(Exercise details): In the lines below, look for "Juliet". Copy each line where it appears.

(Information given):
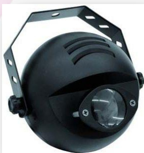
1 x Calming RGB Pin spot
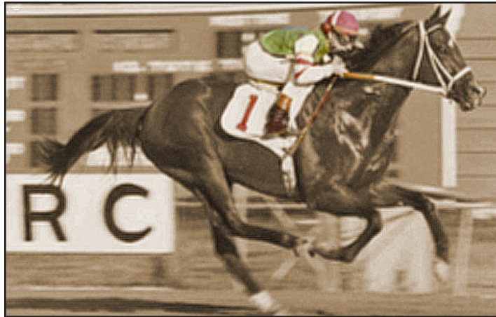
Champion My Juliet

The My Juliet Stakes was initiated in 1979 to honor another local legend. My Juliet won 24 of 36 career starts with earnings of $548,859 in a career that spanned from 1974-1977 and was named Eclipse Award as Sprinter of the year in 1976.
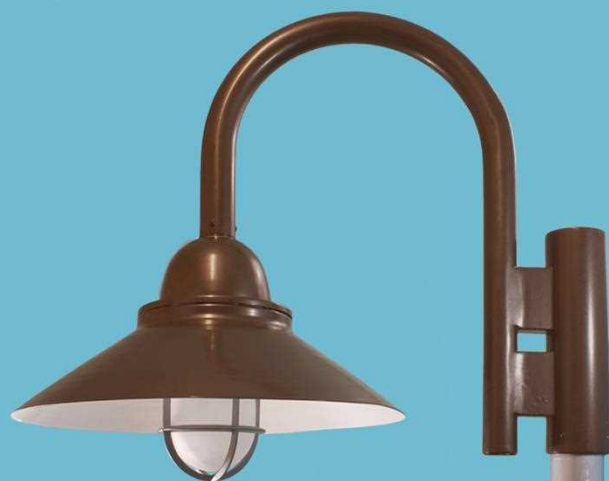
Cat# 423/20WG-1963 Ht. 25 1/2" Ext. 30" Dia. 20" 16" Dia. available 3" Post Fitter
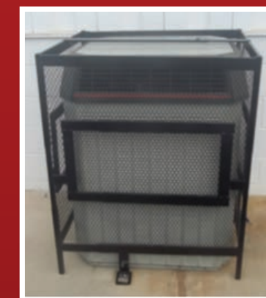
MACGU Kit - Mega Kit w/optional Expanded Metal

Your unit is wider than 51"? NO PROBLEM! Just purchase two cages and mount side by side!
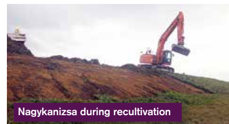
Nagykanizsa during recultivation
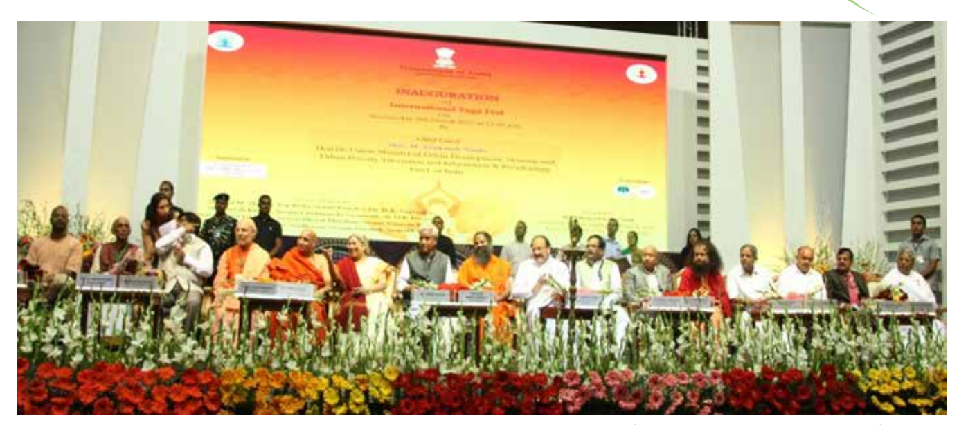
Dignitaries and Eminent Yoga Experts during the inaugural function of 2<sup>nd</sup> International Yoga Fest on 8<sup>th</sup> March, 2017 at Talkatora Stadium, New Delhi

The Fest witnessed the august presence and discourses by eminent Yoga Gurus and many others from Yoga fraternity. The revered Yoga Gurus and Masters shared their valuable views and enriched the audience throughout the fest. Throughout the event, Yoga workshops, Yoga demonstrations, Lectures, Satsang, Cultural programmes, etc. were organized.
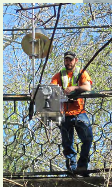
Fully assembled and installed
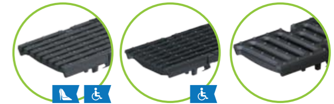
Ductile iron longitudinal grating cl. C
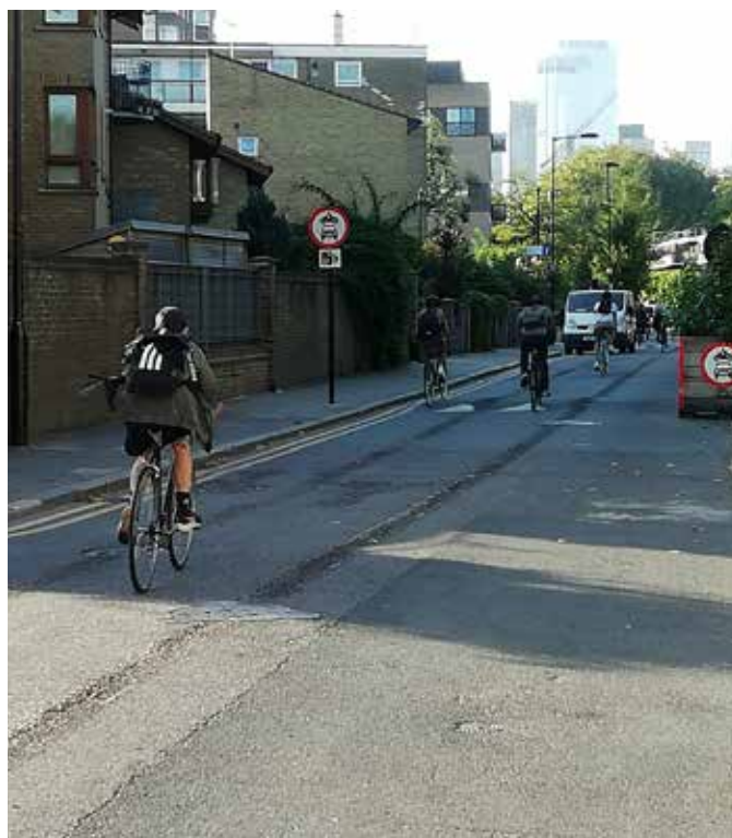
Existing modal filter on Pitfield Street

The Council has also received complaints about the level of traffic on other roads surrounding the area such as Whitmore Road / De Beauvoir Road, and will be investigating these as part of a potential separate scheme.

(Solution to this task):
Champion My Juliet
The My Juliet Stakes was initiated in 1979 to honor another local legend. My Juliet won 24 of 36 career starts with earnings of $548,859 in a career that spanned from 1974-1977 and was named Eclipse Award as Sprinter of the year in 1976.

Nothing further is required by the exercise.